Collected material:
────────────────────────────────────────

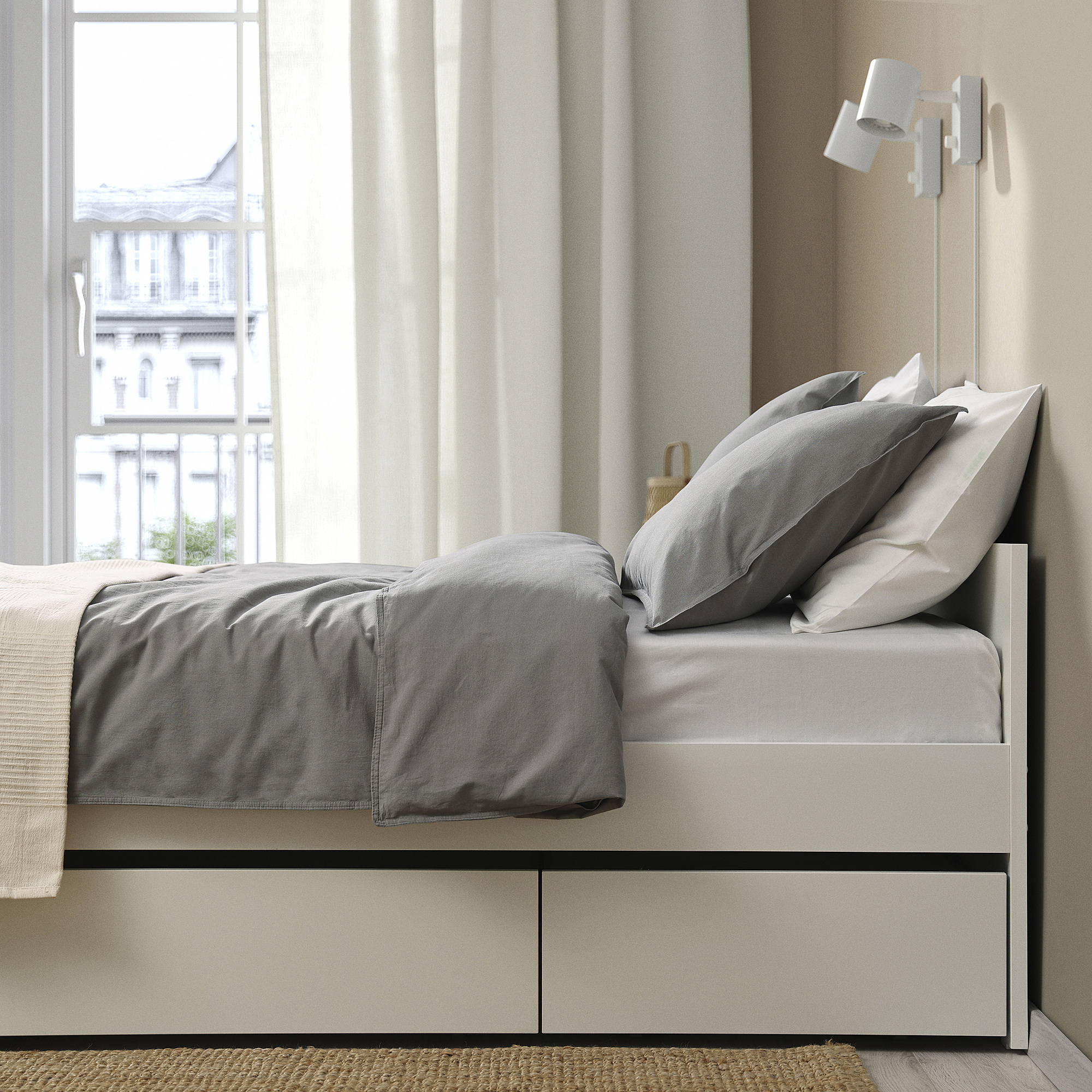 The storage boxes create space for extra duvets, pillows and bedlinens – or anything else you want to store, yet still have close at hand.
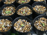 種まきは晩春の5月中旬〜6月中旬頃、涼しくなった秋の9月中旬から10月上旬頃に行えます。方法は種が小さいので平鉢に播いて、覆土はせずに、受け皿を敷いて底から給水すればよいと思います。ピートバンを使用しても楽でよいと思います。5月中旬頃に種まきを行う場合は、本葉が3、4枚出てきたら、夏の暑さに弱いので6月までに山野草の土などを利用してポットに仮植えして、強い日差しに当てないよう風通しがよく涼しい所で夏を越させ、秋の涼しくなった9月下旬頃になったら4号鉢に一鉢を目安に定植します。暖地では晩春に種をまくと夏越しがやや難しいので、秋の9月中旬から10月上旬頃に種まきを行うと安全に行えます。晩春に種を蒔くのに比べると開花は遅くなってしまいます。| 7月上旬 |
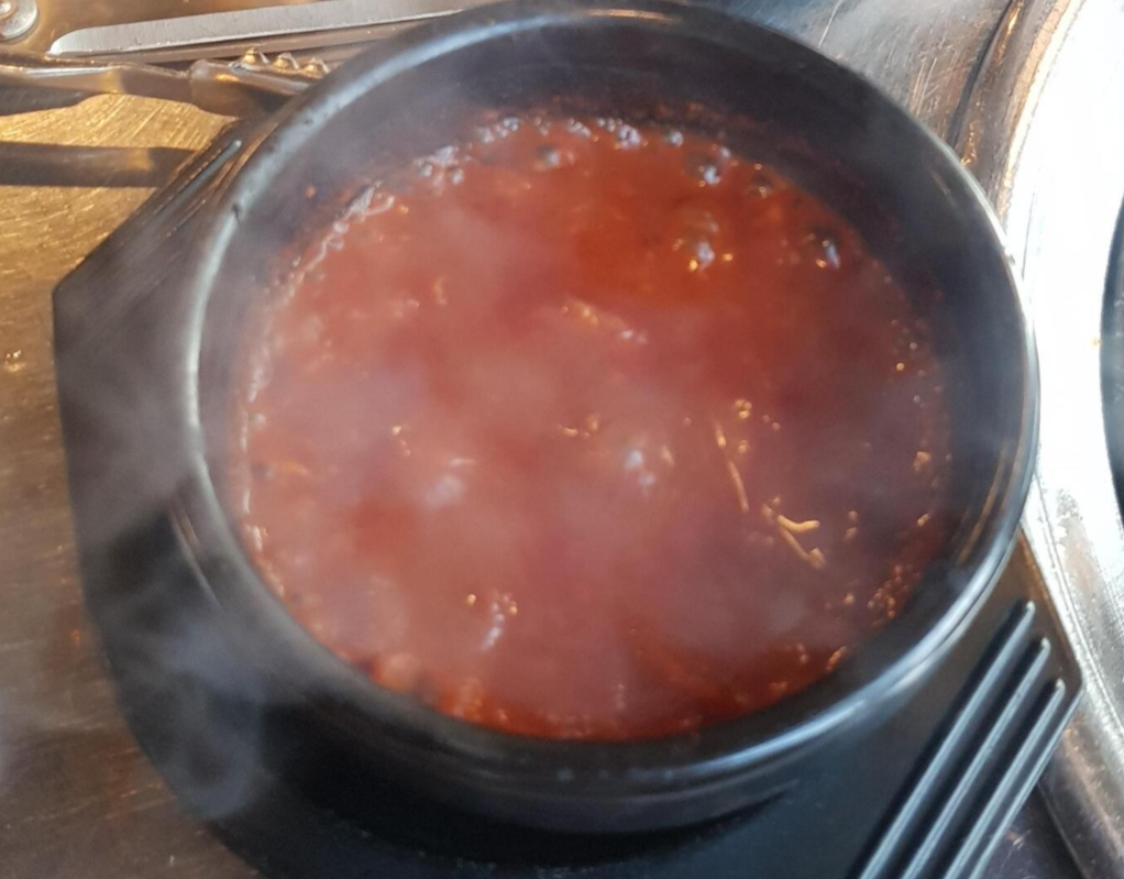 바다를 본 흑돼지 2인 세트에 서비스로 나오는 멜젓입니다. 엄청 찐해 보이죠? 런치에는 멜젓을 별도로 주문해야 하더라고요. 다른 흑돼지 집은 기본적으로 제공이 되던데 특이하네요. 어쨌든 저희는 바다를 본 흑돼지 2인 세트로 주문했기에 여기 멜젓도 맛봤어요. 제주도 흑돼지 먹을 때 요 멜젓 빠지면 이제는 정말 아쉽더라고요.

────────────────────────────────────────

Instructions for the task:
Each line of the data must be transcribed exactly; pictures are not carried over.

Task response:
 The storage boxes create space for extra duvets, pillows and bedlinens – or anything else you want to store, yet still have close at hand.
 種まきは晩春の5月中旬〜6月中旬頃、涼しくなった秋の9月中旬から10月上旬頃に行えます。方法は種が小さいので平鉢に播いて、覆土はせずに、受け皿を敷いて底から給水すればよいと思います。ピートバンを使用しても楽でよいと思います。5月中旬頃に種まきを行う場合は、本葉が3、4枚出てきたら、夏の暑さに弱いので6月までに山野草の土などを利用してポットに仮植えして、強い日差しに当てないよう風通しがよく涼しい所で夏を越させ、秋の涼しくなった9月下旬頃になったら4号鉢に一鉢を目安に定植します。暖地では晩春に種をまくと夏越しがやや難しいので、秋の9月中旬から10月上旬頃に種まきを行うと安全に行えます。晩春に種を蒔くのに比べると開花は遅くなってしまいます。| 7月上旬 |
 바다를 본 흑돼지 2인 세트에 서비스로 나오는 멜젓입니다. 엄청 찐해 보이죠? 런치에는 멜젓을 별도로 주문해야 하더라고요. 다른 흑돼지 집은 기본적으로 제공이 되던데 특이하네요. 어쨌든 저희는 바다를 본 흑돼지 2인 세트로 주문했기에 여기 멜젓도 맛봤어요. 제주도 흑돼지 먹을 때 요 멜젓 빠지면 이제는 정말 아쉽더라고요.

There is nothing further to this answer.